И вдруг, когда до дому оставалось не более километра, на середине большой песчаной дороги, на самом верху увала, откуда предстоял спуск в лощину, бык мотнул головой и встал. Затем подумал немного, свесив лобастую голову, и лег.

Автомашины были тогда в наших местах редкостью, и никому дороги мы не загораживали. Но надо же было ехать! Я засуетился возле быка, лупил его хворостиной, но Бурзик даже головой не мотал. Я пробовал поднять его за упряжь — куда там! Тогда я вспомнил жестокое правило: надо крутить хвост. Кое-как вытащив из-под туловища довольно грязный хвост, я стал крутить его, но силенки не хватало. Неожиданно хвост вырвался из рук, и его жесткая метелка больно мазнула меня по лицу.

Мимо шли путники, но все они были заняты и либо давали мне краткие советы, либо молча проходили мимо. Гурьбой прошли мальчишки, поменьше меня, и поиздевались надо мной. И когда я совсем отчаялся и охрип от крика, одна сердобольная женщина подала мне совет, сказала то же самое, что давеча Венька:

— А ты потерпи, милок. Потерпи. Ты его перетерпи, он сам пойдет. Надоест ему…

Я взобрался на воз, сел на ольшины и стал смотреть вдаль. Бывают такие моменты, когда человека охватывает апатия, он словно отключается от всего окружающего и совсем не думает о положении, в которое попал. Часто это случается после сильного физического и нервного напряжения. Такое состояние испытал в те минуты и я.

Я смотрел на далекую синеву реки, на цепочки прибрежных столбов, поставленных для отбива молевого леса от заливных лугов во время паводка, на ястреба, висящего над Глухим болотом, на пежины лиственных вкраплений в густоте ельников и сосняков. Смотрел, остывал и не думал ровным счетом ни о чем. Я будто забыл, где я, зачем я здесь, и рассеянно следил, как трепещутся на ветерку паутины, прицепившиеся за придорожный еще полузеленый куст.

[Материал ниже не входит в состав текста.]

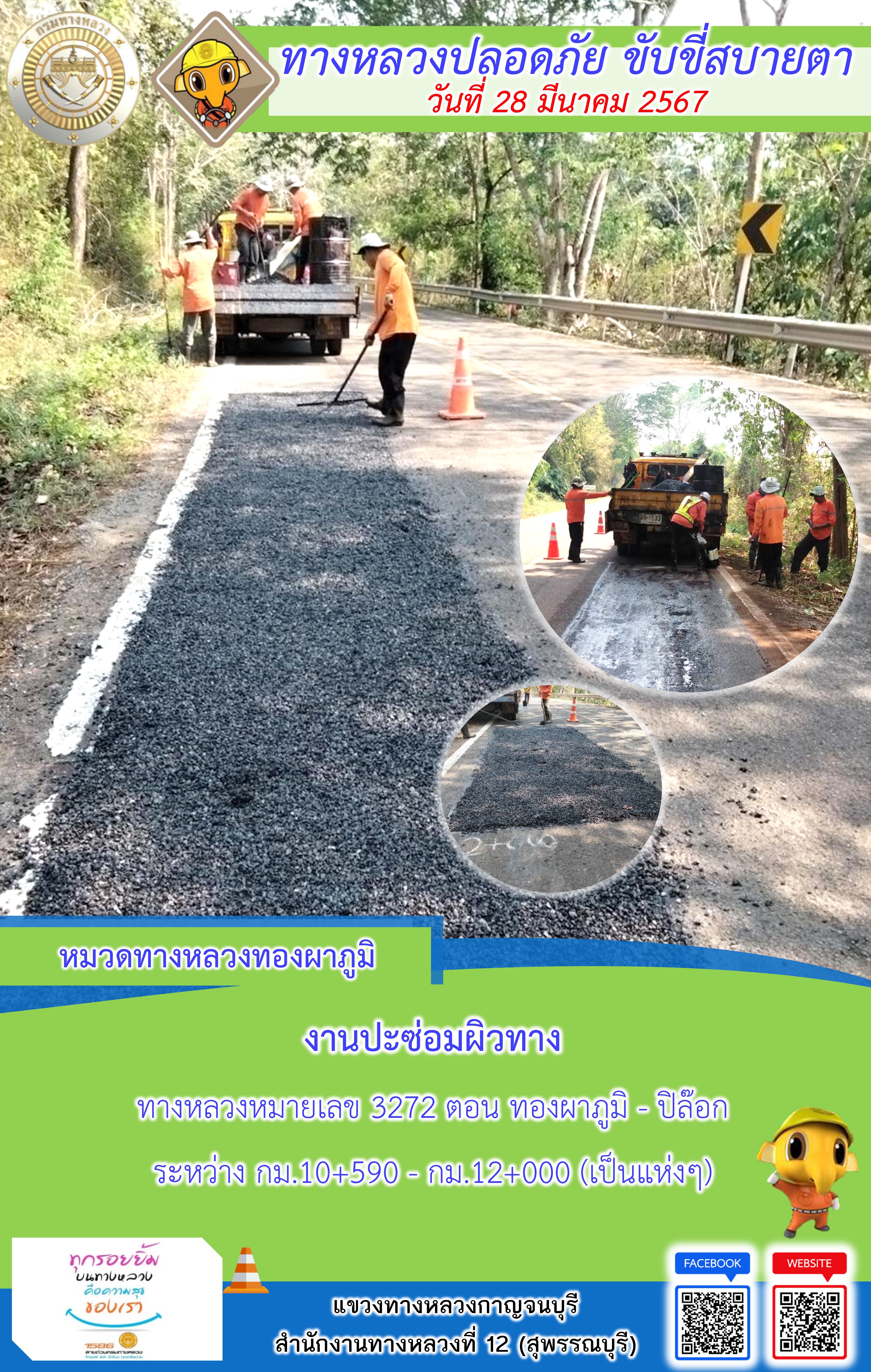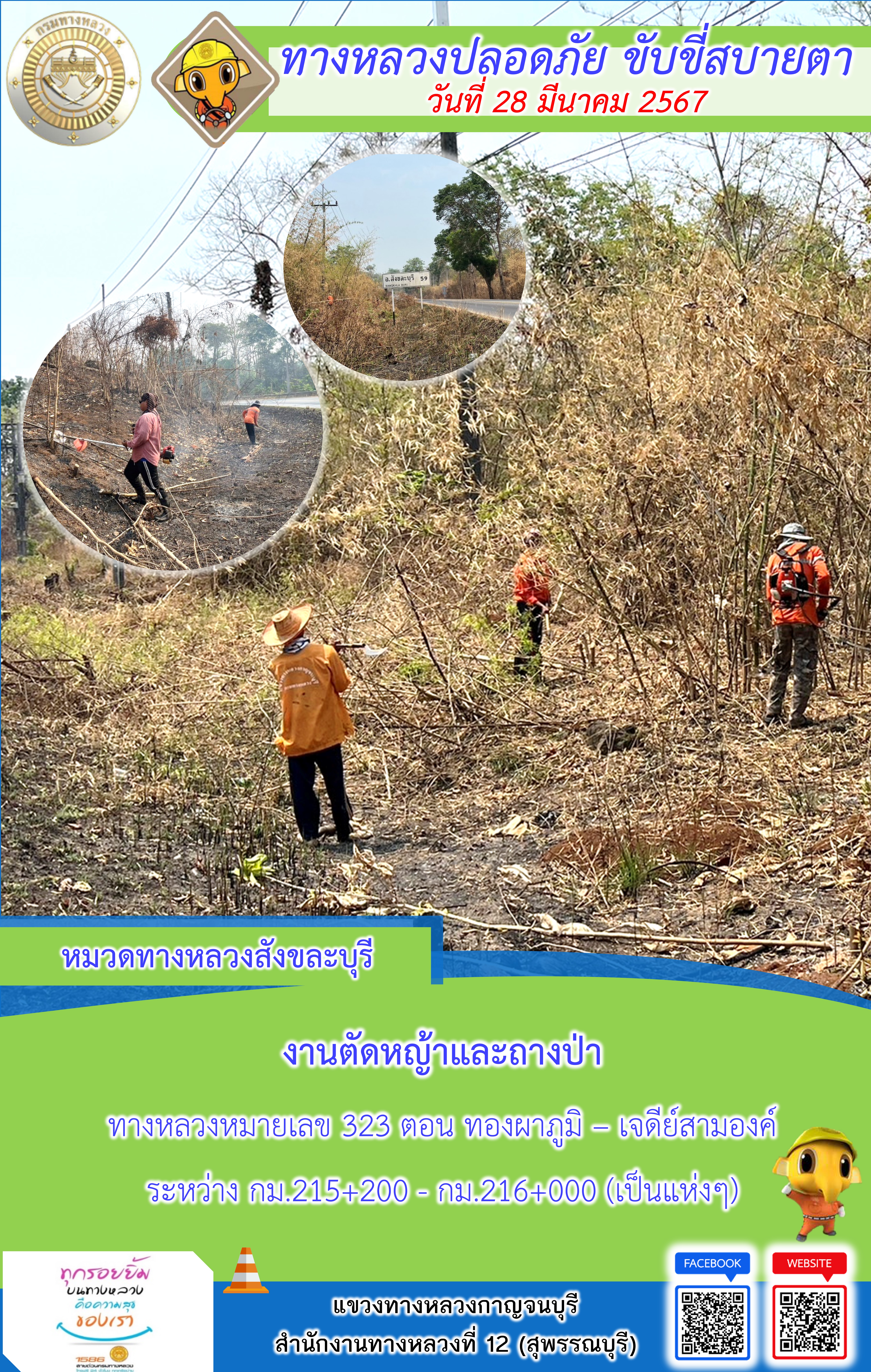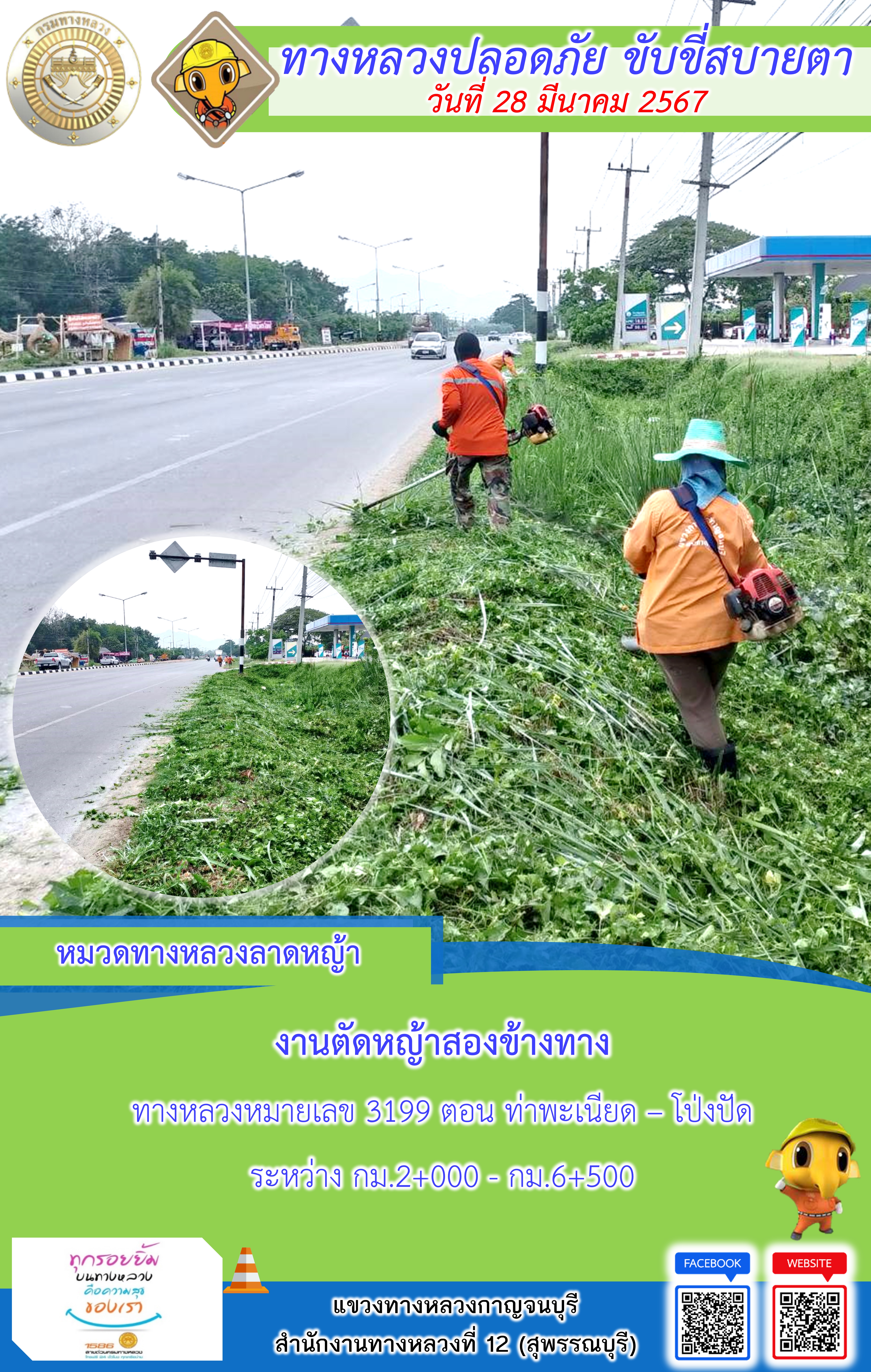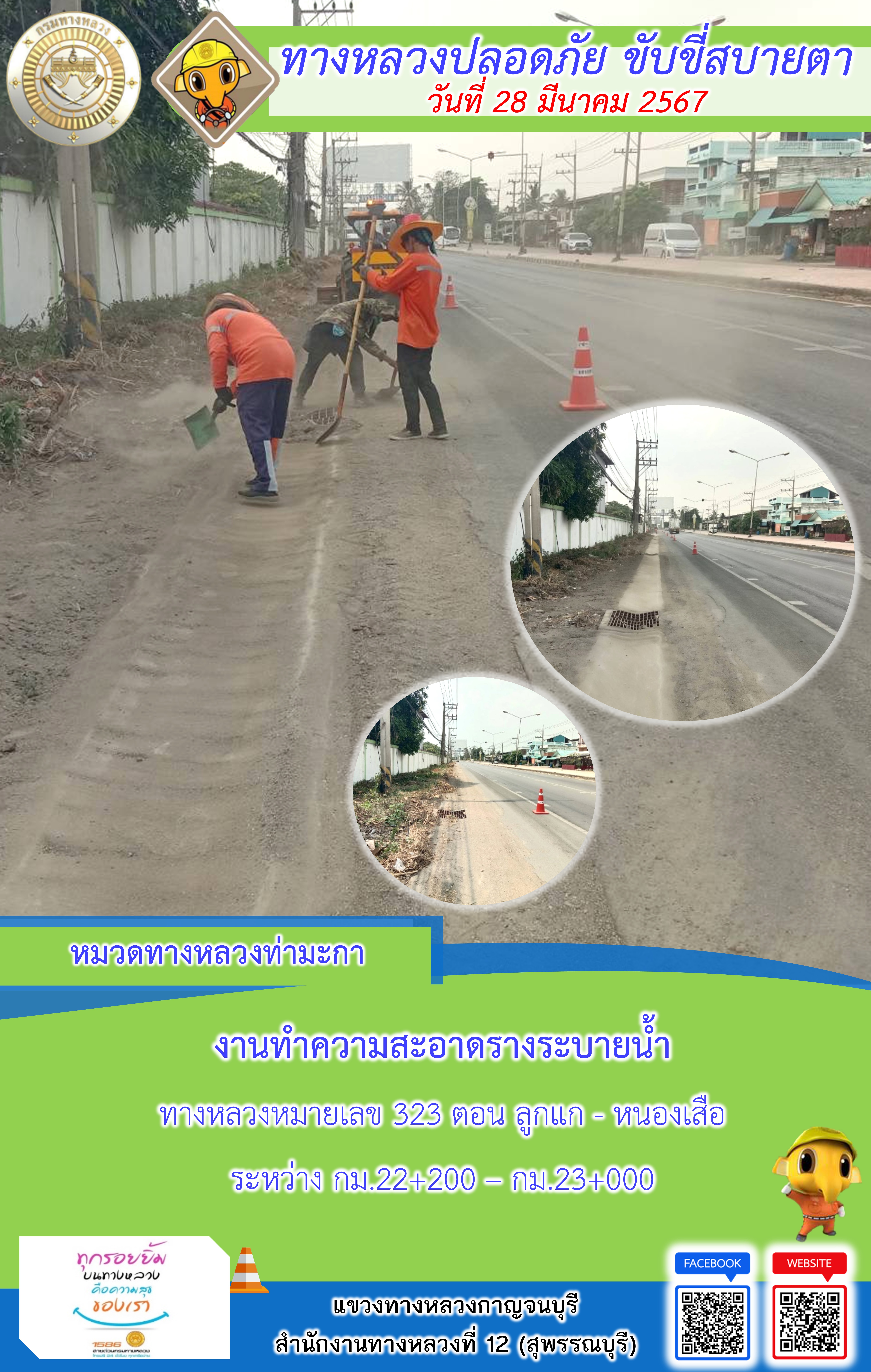แขวงทางหลวงกาญจนบุรี โดยหมวดทางหลวงในสังกัดและงานอำนวยความปลอดภัย ปฏิบัติงาน ประจำวันที่ 28 มี.ค. 67

Вдруг воз дернулся, от неожиданности я чуть не упал. А Бурзик встал как ни в чем не бывало и зашагал. А ближе к дому, уловив, наверное, родной и приятный запах скотного двора, даже затрусил какой-то расхлябанной рысцой.

Прошло немало лет, и жизнь то летела, как самолет, то замедляла свой ход. И казалось иногда, что она остановилась и легла посреди дороги, как тот бык.

Но я хорошо помнил этот случай и слова Веньки и прошедшей мимо женщины: «Ты, если чего, терпи». «Перетерпи…» И терпел. В эти минуты кажущейся или действительной остановки некоторые вроде обгоняли, вроде уходили вперед. Кое-кто давал советы, а кое-кто и хохотал. В общем, все было, как тогда, но наука пошла мне впрок, и я терпеливо ждал.

Жизнь все-таки не бык Бурзик, и движение ее продолжалось, может быть, незаметное для глаза. И остановка была, конечно, кажущейся. Но больших усилий стоило убедить себя в этом, чтобы терпеть и ждать, а не кинуть воз и не броситься догонять идущих налегке и вроде бы обгоняющих. Но воз оставлять нельзя, иначе с чем ты придешь к дому и как встретят тебя?

Вот и сейчас… Если почудится жизненная остановка, я не впадаю в панику. Я помню ту дорогу, и реку, и ястреба, и паутину на ветру. И женщину, прошедшую мимо. И не выхожу из себя, не растрачиваю времени и сил на бесцельные крики и ругань, не стараюсь казаться сильнее, чем есть, форсировать голос и силы, совершать нечто непосильное, а потому смешное. Терплю и жду. Наблюдаю и жду.